Борглинда не одобряла этой поездки, но почти не отговаривала, по себе зная упрямство Лейрингов.
– Я бы поехал с тобой, хотя бы показать дорогу, – говорил Гельд. – Я там у него бывал, правда, нечасто. Каждый раз, когда одному из его сыновей исполняется двенадцать лет, он созывает много гостей на обряд вручения меча… вон, Даг тоже знает. Я бы хотел его повидать, у него очень забавно, сам увидишь, если доедешь. Но, понимаешь, жениться человеку тоже иногда надо.
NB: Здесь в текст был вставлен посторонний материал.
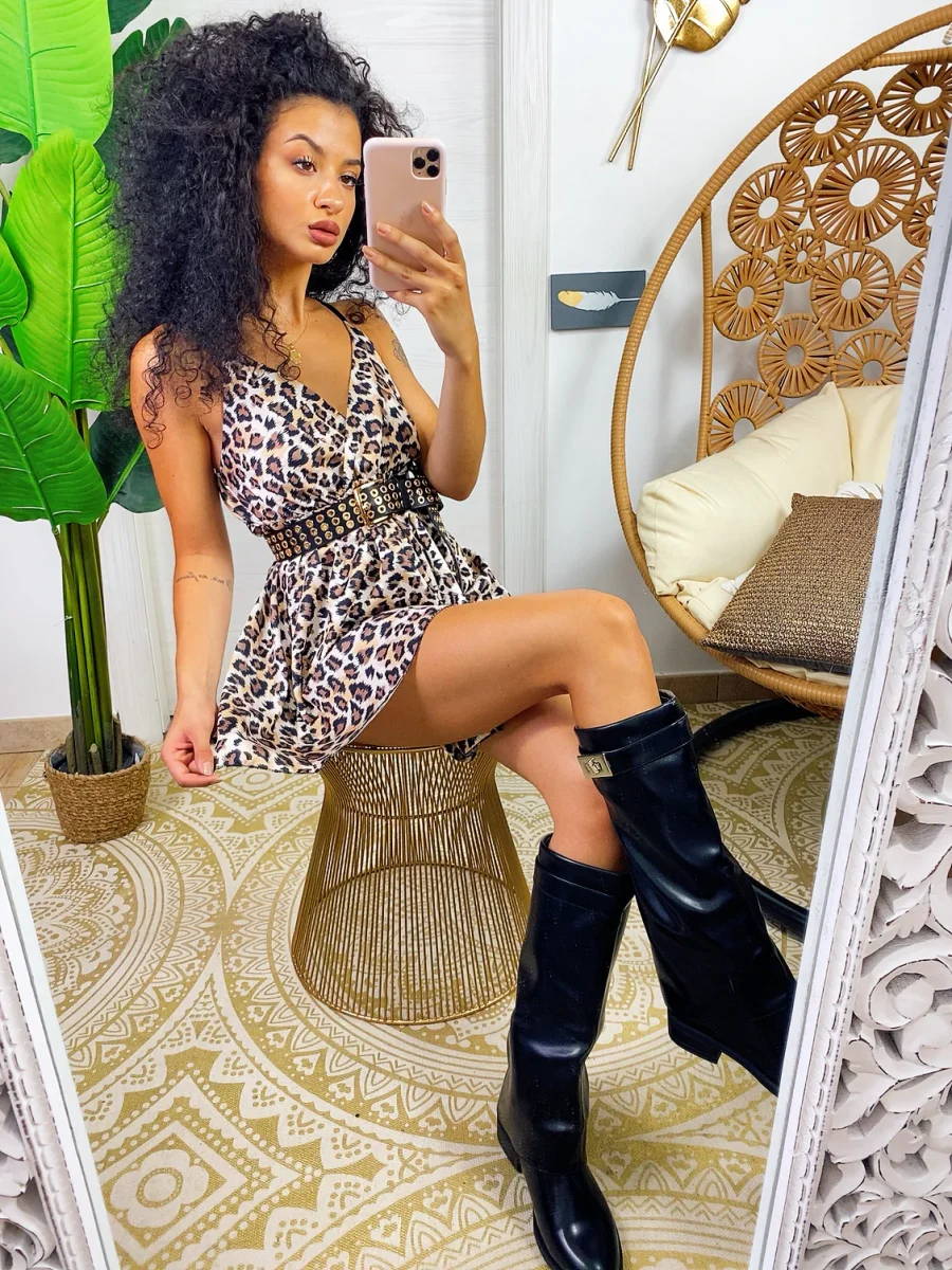 Tutina leggera in tessuto maculato, elasticizzato sul corpino. Taglia unica
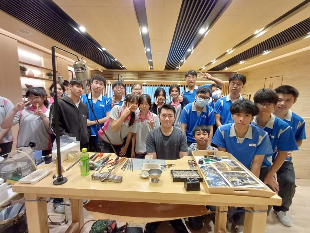 沙田循道衞理中學於9月26日到訪香港珠寶工坊,活動邀請資深珠寶設計師Kimberly Kwok分享入行心得與行業趨勢,助學生掌握珠寶設計領域的發展動向,為未來職涯規劃拓展視野。此外,權興珠寶Joseph Law現場示範金工製作,完整呈現銀戒指由金屬切割、退火軟化、精密焊接,到挫修塑形、多重打磨與拋光的完整工序,讓學生近距離體會傳統珠寶工藝的精髓。為讓學生親身體驗金工技藝,香港珠寶工坊特別準備專屬銅牌,讓同學們親手刻上名字,打造獨一無二的紀念作品。
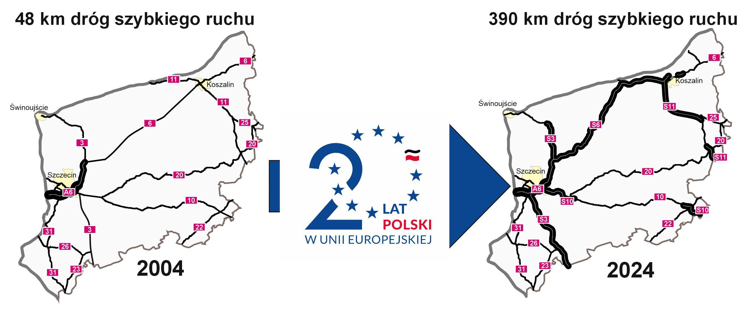 1 maja 2004 r. Polska wstąpiła do Unii Europejskiej. Wówczas w województwie zachodniopomorskim było zaledwie 48 km tras szybkiego ruchu. Po 20 latach dróg ekspresowych i autostrad mamy już 390 km, czyli osiem razy więcej. Ten ogromny postęp możliwy był w znacznej mierze dzięki współfinansowaniu inwestycji z Unii Europejskiej. Łączna kwota dofinansowania ze środków UE dla 15 projektów zrealizowanych w ciągu ostatnich 20 lat to 5,23 miliarda złotych, przy całkowitej wartości inwestycji wynoszącej 10,67 miliarda złotych.
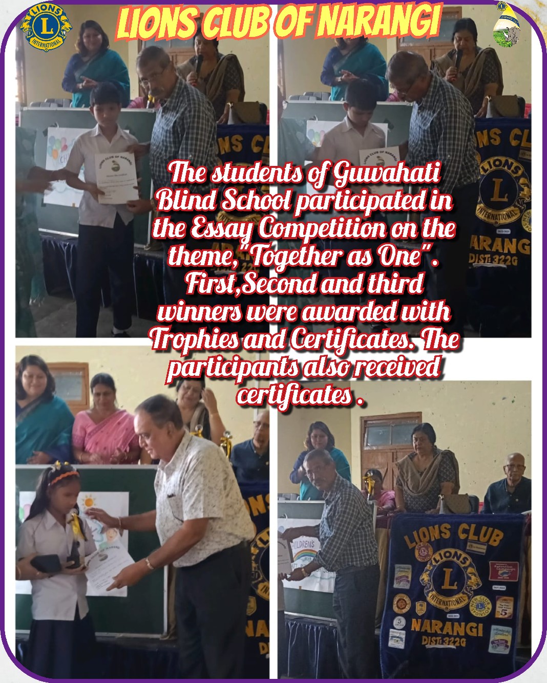 The students of Guwahati Blind School participated in the Essay Competition on the theme,"Together as One". First,Second and third winners were awarded with Trophies and Certificates. The participants also received certificates .

Хагиру предстояло пропустить свадьбу, но он был этому даже рад. Зрелище чьей-либо свадьбы сейчас не могло доставить ему никакого удовольствия. Мельком замечая где-нибудь стройную девичью фигуру, он сжимал зубы от внутренней боли и с досадой отбрасывал, отшвыривал подальше ранящие воспоминания, но никак не мог избавиться от них окончательно. Опасности Медного Леса казались ему благом – там ему будет не до сожалений о прошлом.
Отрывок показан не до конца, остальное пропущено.